In Spanien und Portugal hingegen, wo rund ein Viertel der Erfinder von Patenten Frauen sind, seien Chemie und Pharmazie vorherrschend. In diesen Bereichen ist der Anteil der Erfinderinnen am höchsten. "Doch auch wenn man diese Aspekte berücksichtigt, bleibt die Lücke zu anderen europäischen Ländern bestehen."
Höherer Anteil in der akademischen Forschung
Zudem haben in Deutschland Privatunternehmen einen überdurchschnittlichen Anteil an den Patentanmeldungen - bei ihnen ist der Frauenanteil allerdings niedriger als bei Hochschulen und öffentlichen Einrichtungen. "Das hängt damit zusammen, dass sich akademische Forschung häufig in jenen technologischen Sparten abspielt, in denen viele Frauen unterwegs sind, wie zum Beispiel Chemie, Biotechnologie und Arzneimittel", sagte Rudyk. "Außerdem scheinen Frauen eine Präferenz zu haben, in öffentlichen Einrichtungen zu arbeiten."
Selbst die Hochschulen und öffentlichen Einrichtungen in Deutschland schneiden jedoch unterdurchschnittlich ab: Liegt der Frauenanteil an den Erfindern bei ihnen europaweit bei 19,4 Prozent, sind es in Deutschland nur 13,7 Prozent.
"Zunehmende Hindernisse mit jeder Laufbahnstufe"
Das EPA untersuchte die Patentanmeldungen zwischen 1978 und 2019. Der Frauenanteil ist in dieser Zeit kräftig gestiegen - Ende der 1970er-Jahre lag er noch bei zwei Prozent. Es bleibe aber "ein starkes geschlechterspezifisches Gefälle", erklärte das Patentamt. "Der Anteil der Erfinderinnen liegt auch weit unter jenem der Forscherinnen und Absolventinnen der Natur- und Ingenieurwissenschaften."
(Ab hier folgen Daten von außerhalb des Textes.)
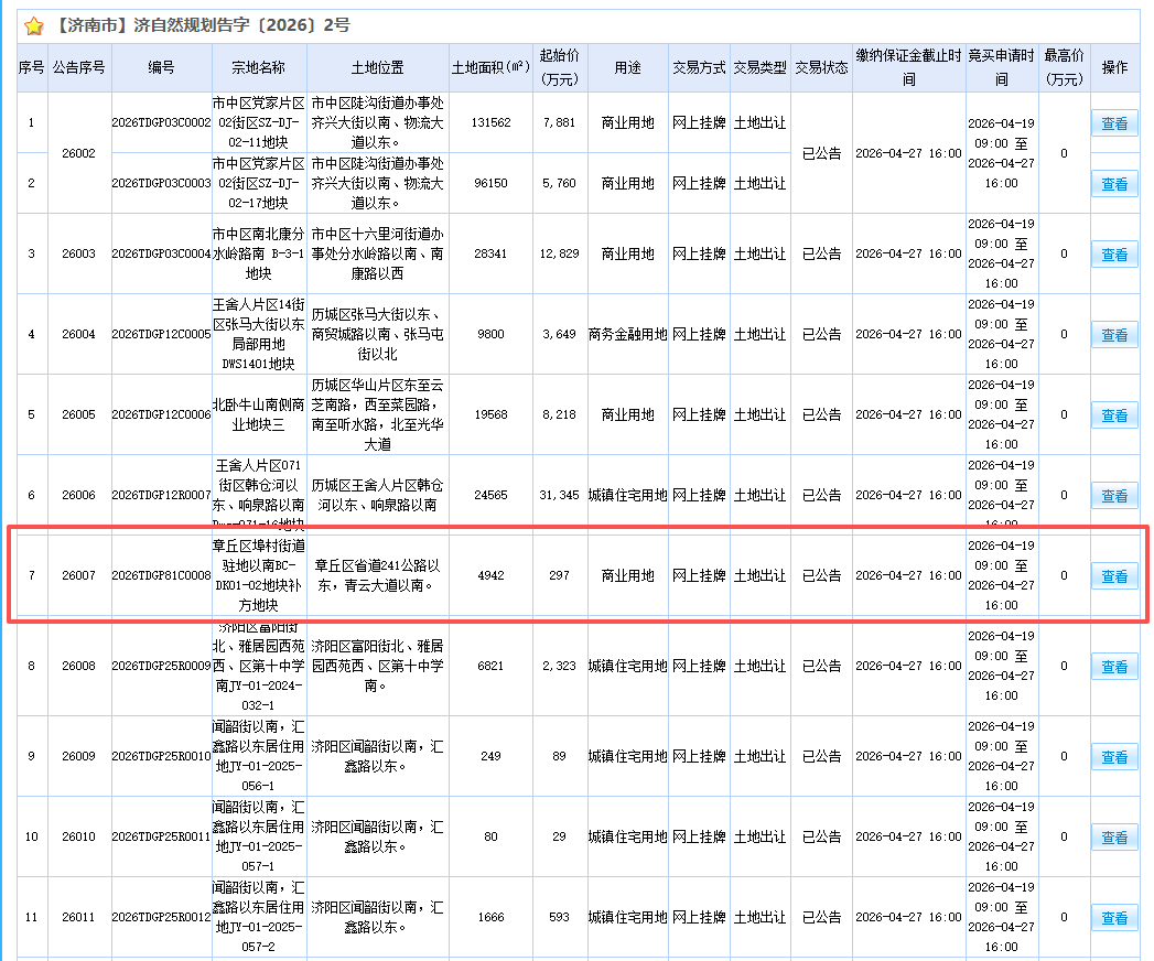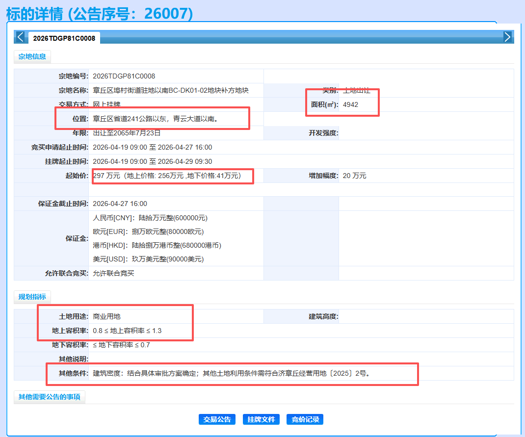 这块地不是章丘自己挂的,是济南全市统一挂牌的章丘地块,不是随便拿出来卖的普通商业地!

Die Studie zeige Lücken, die geschlossen werden müssten, "um das volle Potenzial von Erfinderinnen in Europa auszuschöpfen", sagte EPA-Präsident António Campinos. "Wenngleich in den letzten Jahrzehnten einige Fortschritte erzielt worden sind, muss noch mehr getan werden, um die Teilhabe von Frauen im Patentbereich zu stärken." Die Förderung von Frauen bei Wissenschaft und Innovation sei eine große Herausforderung für Europa und ein Schlüsselfaktor für die Zukunfts- und Wettbewerbsfähigkeit.
Vorschläge, den Missstand zu ändern, macht die Studie des EPA nicht. Das Patentamt erklärte, die Ergebnisse wiesen auf eine sogenannte Leaking-Pipeline hin: Bei den Beschäftigten insgesamt in Deutschland sei der Frauenanteil noch sehr hoch, auch bei Promovierten in den naturwissenschaftlichen Fächern und Beschäftigten in Forschung und Entwicklung. Der niedrige Erfinderinnenanteil nicht nur in Deutschland zeige, dass Frauen "mit jeder Laufbahnstufe" in naturwissenschaftlichen Berufen "auf zunehmende Hindernisse stoßen".